== Segment start ==

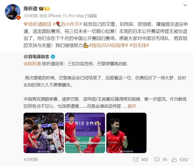大家好,我是刘雨辰。虽然我不想,但这一天终于到来了...一个一心想成为毛毛球国王的少年,不得不向毛毛球挥手告别!作为中国羽毛球队的一员,我很荣幸能在这个群体中获得无数的荣耀!……最后㊗️全国羽毛球队越来越好,勇攀高峰!
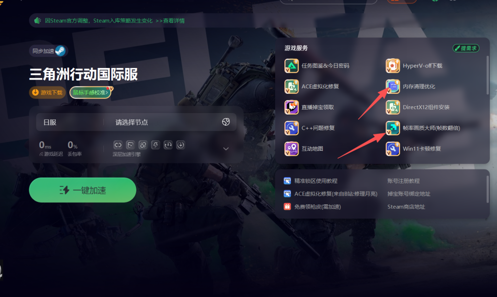 此外奇游加速工具内置的帧率/画质大师工具可进一步挖掘硬件潜力。通过该功能,玩家能实时监控帧数波动,并启用AI补帧技术填补画面卡顿。同时工具提供内存清理选项,自动释放冗余资源,减少游戏过程中的卡顿现象。
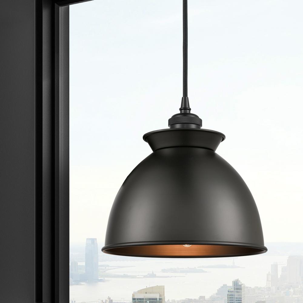 Adirondack - 1 Light - 8 inch - Matte Black - Matte Black Shade - Cord hung - Mini Pendant
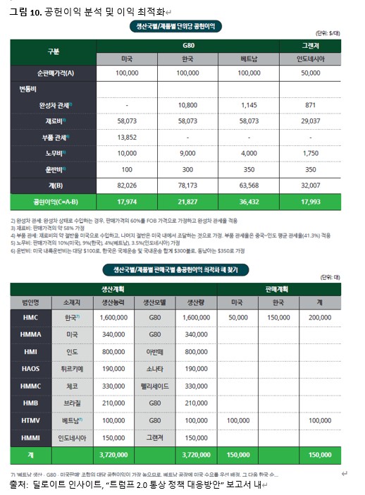 트럼프 정부의 관세 및 조세 정책이 무엇보다 미국 내 투자를 유도하고 있기 때문에, 그 동안 미국 현지 생산 시설을 확충해 관세 부담을 줄이고 현지화 전략을 강화하는 것이 최우선적인 전략으로 제시돼 왔다. 하지만 이러한 전략도 다양한 품목 관세율 인상 및 범위 확대로 인한 부담에 노출될 수 있는 상황이다. 한미 무역 합의에 따라 자동차 품목 관세율이 15%로 인하된 것은 다행이지만, 일본에 비해 유리했던 2.5%p의 한-미FTA 효과가 사라졌다는 점과 자동차 부품의 상당 부분을 차지하는 철강과 알루미늄에 대해 한국산 쿼터가 사라지고 50%가 부과된다는 점은 현지 생산 원가 상승으로 직결돼 우리 기업의 경쟁력에 부담으로 작용할 수밖에 없다.
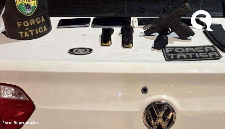 Ação da Polícia Militar resulta em apreensão de arma de fogo, munições e automóvel
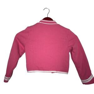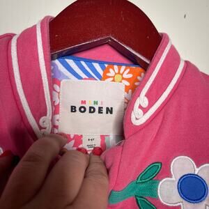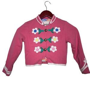 MINI BODEN Floral Appliqué Knit Military Jacket In Rose Pink 5-6yo. Gently used condition no flaws. Your young one will strike up the band in this soft knit jacket accented with flower appliqués, burnished buttons and soutache trim. Front button closure Lined 100% cotton with 100% polyester contrast .Machine wash, line dry Imported
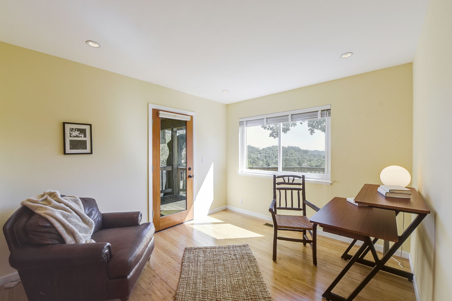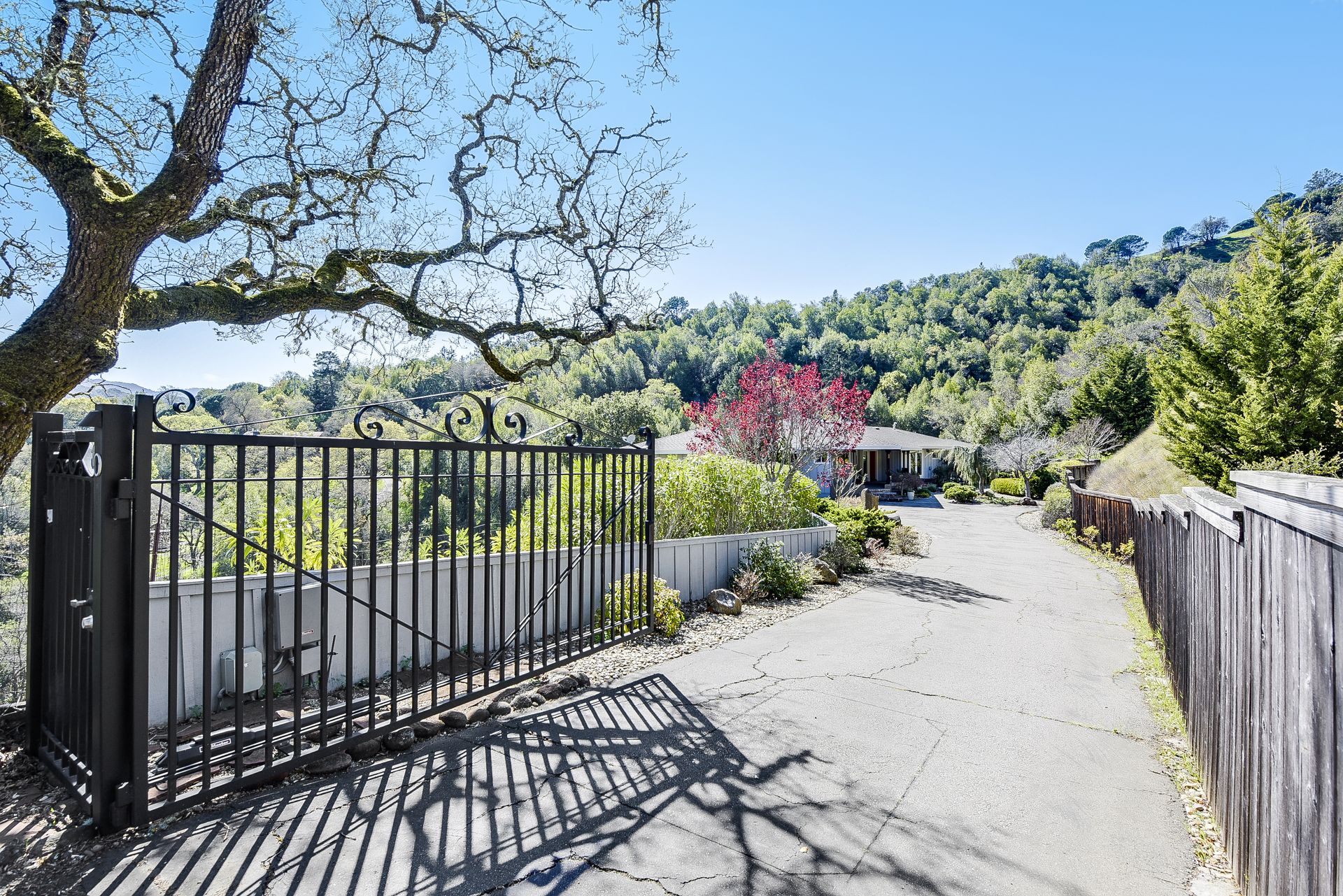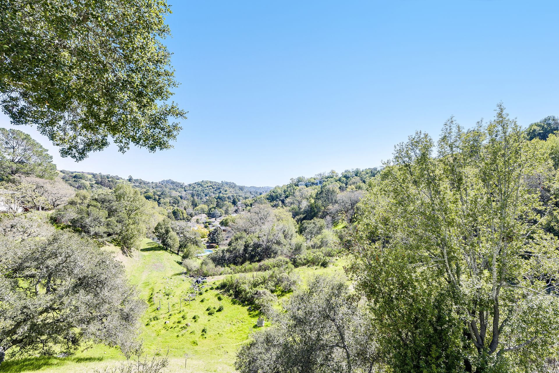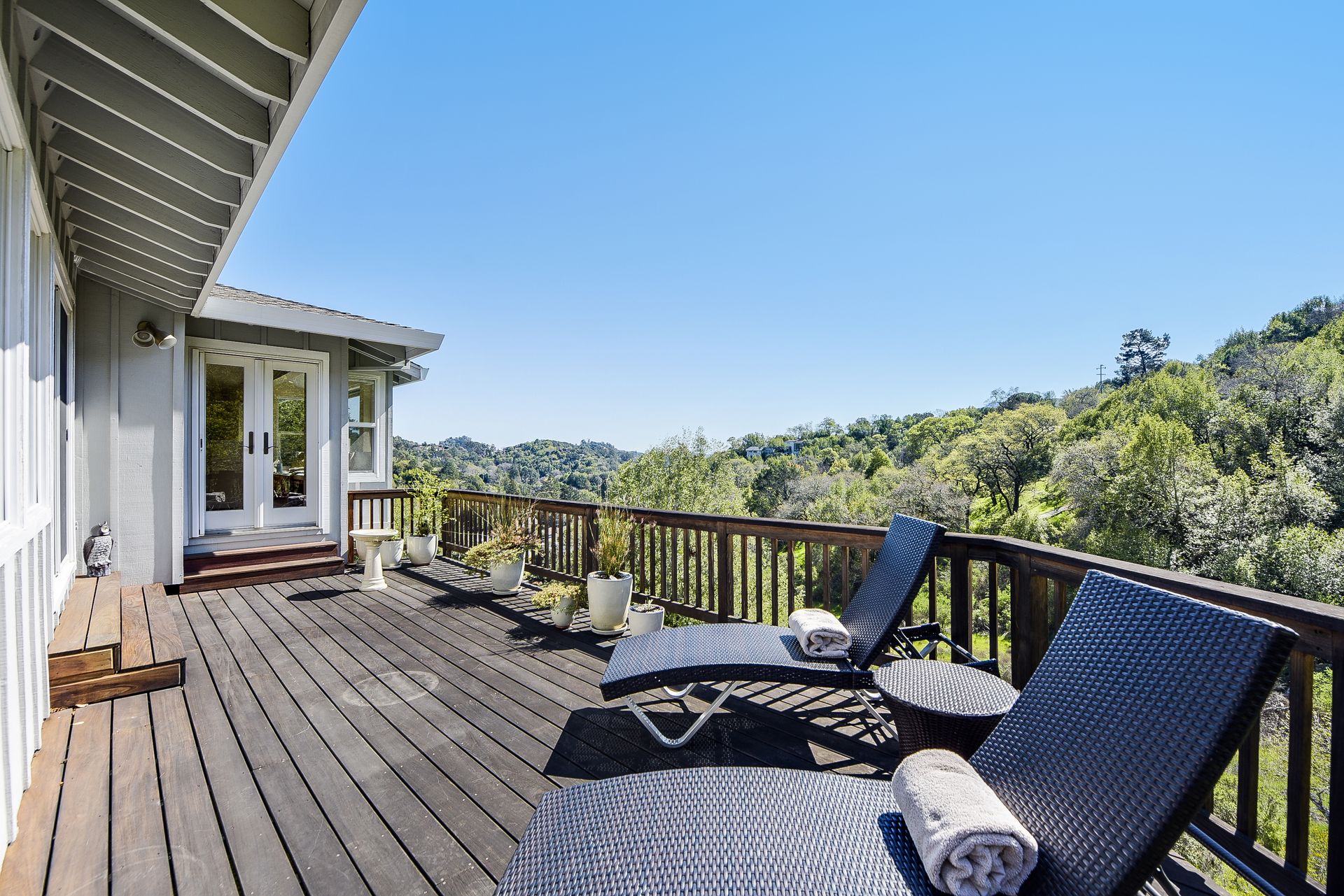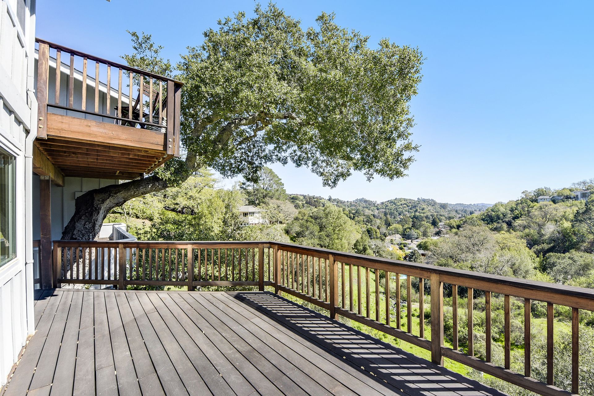 Welcome home to this enchanting oasis of tranquility. Ideally situated between both downtown San Anselmo and Fairfax, this spacious four bedroom + large den, three and one half bath home is approximately 2,872 sq. ft., and is perfectly located on over an acre lot with Mt. Tam, ridge and valley views. The updated kitchen features high end appliances and an eat-in area with sliders out to the deck ideal for barbecuing and al fresco dining. Enjoy the expansive views from the formal dining and living room with built in fireplace. The main level master suite includes a walk-in closet and master bath with double sinks and clawfoot tub. In addition the den on the main level is perfect for an at home office. Three additional bedrooms are conveniently located downstairs. Sunny decks overlook the natural terrain while beautiful mature gardens grace the front yard.
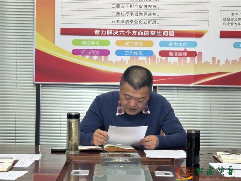為深學(xué)細(xì)悟篤行習(xí)近平文化思想,牢牢把握正確政治方向、輿論導(dǎo)向、價(jià)值取向。2月24日下午,甘肅演藝集團(tuán)秦腔藝術(shù)劇院黨總支開(kāi)展“學(xué)習(xí)貫徹習(xí)近平文化思想,讓傳統(tǒng)戲曲在基層煥發(fā)光彩”主題黨日活動(dòng)?;顒?dòng)由劇院黨總支書(shū)記、藝術(shù)總監(jiān)蘇鳳麗主持。甘肅演藝集團(tuán)副總經(jīng)理、秦腔藝術(shù)劇院院長(zhǎng)馬勇,劇院其他班子成員、全體黨員、中層干部參加。
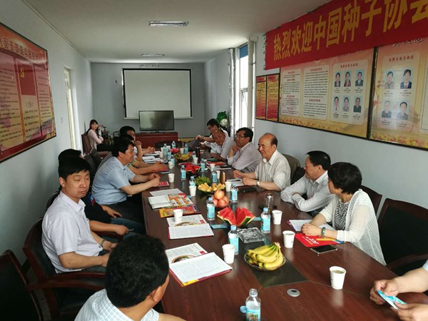 2016年5月24日上午,中國種子協(xié)會秘書長李立秋到邯鄲調(diào)研種子企業(yè)經(jīng)營狀況,河北省種子協(xié)會秘書長封五平、邯鄲市農(nóng)業(yè)局局長李文杰陪同調(diào)研。邯鄲市種業(yè)協(xié)會全體會長、副會長參加會議。李立秋秘書長就新種子法內(nèi)容進行了解讀,對種子企業(yè)未來人才引進、合作發(fā)展、加強科研投入、拓展視野、專業(yè)發(fā)展等提出寶貴建議,對禾下土脫毒甘薯種苗特色產(chǎn)業(yè)取得成績給予肯定并給予支持。
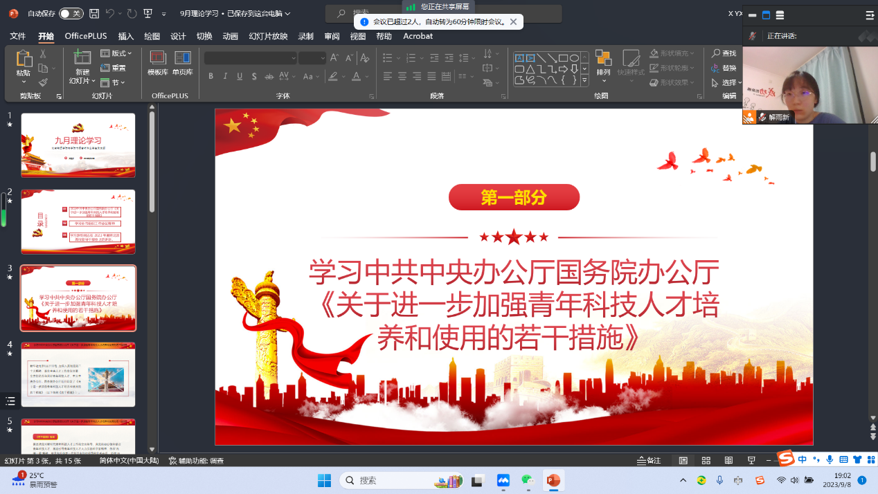 活动伊始,解雨新同志带领支部同志学习了:1.中共中央办公厅国务院办公厅《关于进一步加强青年科技人才培养和使用的若干措施》2.全市组织工作会议精神3.游钧同志在2023年暑期北京高校领导干部会上的讲话。

== Segment end ==

— ABOUT THIS EXERCISE —
Above are some records. Output exactly the lines from the one that contains "Welcome home to" to the one that contains "為深學(xué)細(xì)悟", keeping both, and omit the pictures.

— ANSWER AREA —
 Welcome home to this enchanting oasis of tranquility. Ideally situated between both downtown San Anselmo and Fairfax, this spacious four bedroom + large den, three and one half bath home is approximately 2,872 sq. ft., and is perfectly located on over an acre lot with Mt. Tam, ridge and valley views. The updated kitchen features high end appliances and an eat-in area with sliders out to the deck ideal for barbecuing and al fresco dining. Enjoy the expansive views from the formal dining and living room with built in fireplace. The main level master suite includes a walk-in closet and master bath with double sinks and clawfoot tub. In addition the den on the main level is perfect for an at home office. Three additional bedrooms are conveniently located downstairs. Sunny decks overlook the natural terrain while beautiful mature gardens grace the front yard.
為深學(xué)細(xì)悟篤行習(xí)近平文化思想,牢牢把握正確政治方向、輿論導(dǎo)向、價(jià)值取向。2月24日下午,甘肅演藝集團(tuán)秦腔藝術(shù)劇院黨總支開(kāi)展“學(xué)習(xí)貫徹習(xí)近平文化思想,讓傳統(tǒng)戲曲在基層煥發(fā)光彩”主題黨日活動(dòng)?;顒?dòng)由劇院黨總支書(shū)記、藝術(shù)總監(jiān)蘇鳳麗主持。甘肅演藝集團(tuán)副總經(jīng)理、秦腔藝術(shù)劇院院長(zhǎng)馬勇,劇院其他班子成員、全體黨員、中層干部參加。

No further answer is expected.